SUPPLIED INFORMATION:
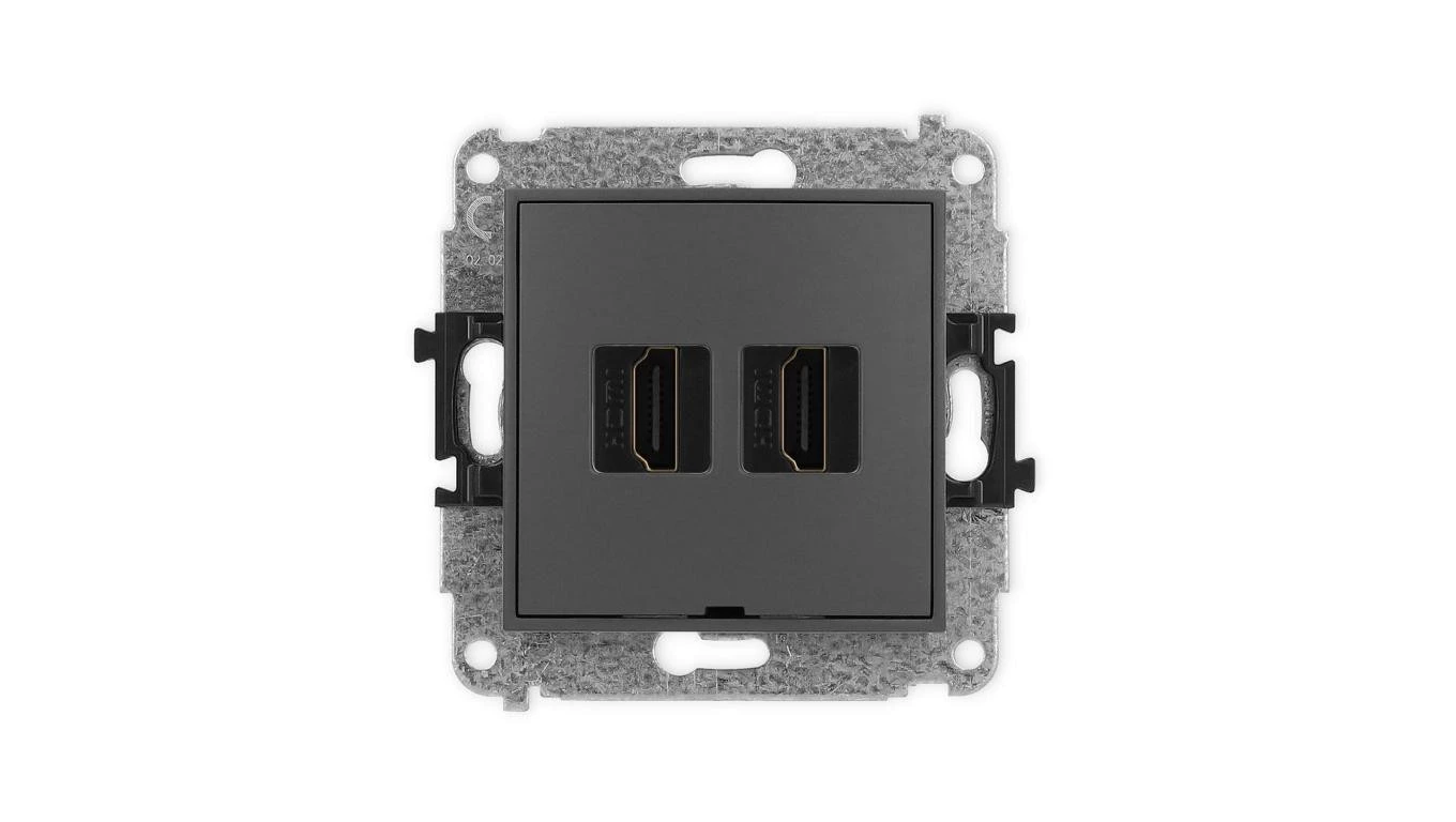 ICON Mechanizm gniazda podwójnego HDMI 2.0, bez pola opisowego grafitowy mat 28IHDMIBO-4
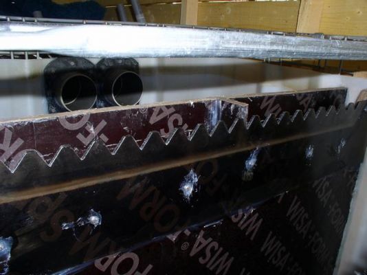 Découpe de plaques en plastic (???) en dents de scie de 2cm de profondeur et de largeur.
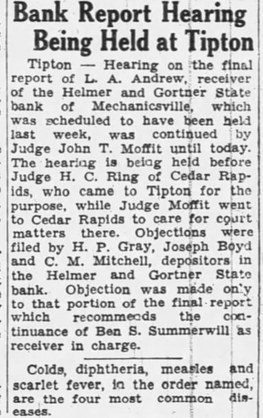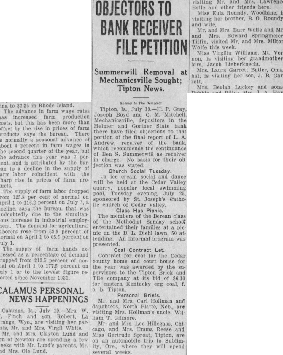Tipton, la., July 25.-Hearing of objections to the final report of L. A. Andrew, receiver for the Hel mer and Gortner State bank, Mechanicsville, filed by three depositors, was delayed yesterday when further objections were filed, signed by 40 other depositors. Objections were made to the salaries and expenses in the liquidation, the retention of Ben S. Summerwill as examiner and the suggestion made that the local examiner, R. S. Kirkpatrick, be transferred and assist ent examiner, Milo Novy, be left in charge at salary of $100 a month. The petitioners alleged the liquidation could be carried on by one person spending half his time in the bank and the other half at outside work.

PROMPT: All that is needed is the data above, repeated exactly, without the pictures.

PROBLEM SOLUTION:
 ICON Mechanizm gniazda podwójnego HDMI 2.0, bez pola opisowego grafitowy mat 28IHDMIBO-4
 Découpe de plaques en plastic (???) en dents de scie de 2cm de profondeur et de largeur.
Tipton, la., July 25.-Hearing of objections to the final report of L. A. Andrew, receiver for the Hel mer and Gortner State bank, Mechanicsville, filed by three depositors, was delayed yesterday when further objections were filed, signed by 40 other depositors. Objections were made to the salaries and expenses in the liquidation, the retention of Ben S. Summerwill as examiner and the suggestion made that the local examiner, R. S. Kirkpatrick, be transferred and assist ent examiner, Milo Novy, be left in charge at salary of $100 a month. The petitioners alleged the liquidation could be carried on by one person spending half his time in the bank and the other half at outside work.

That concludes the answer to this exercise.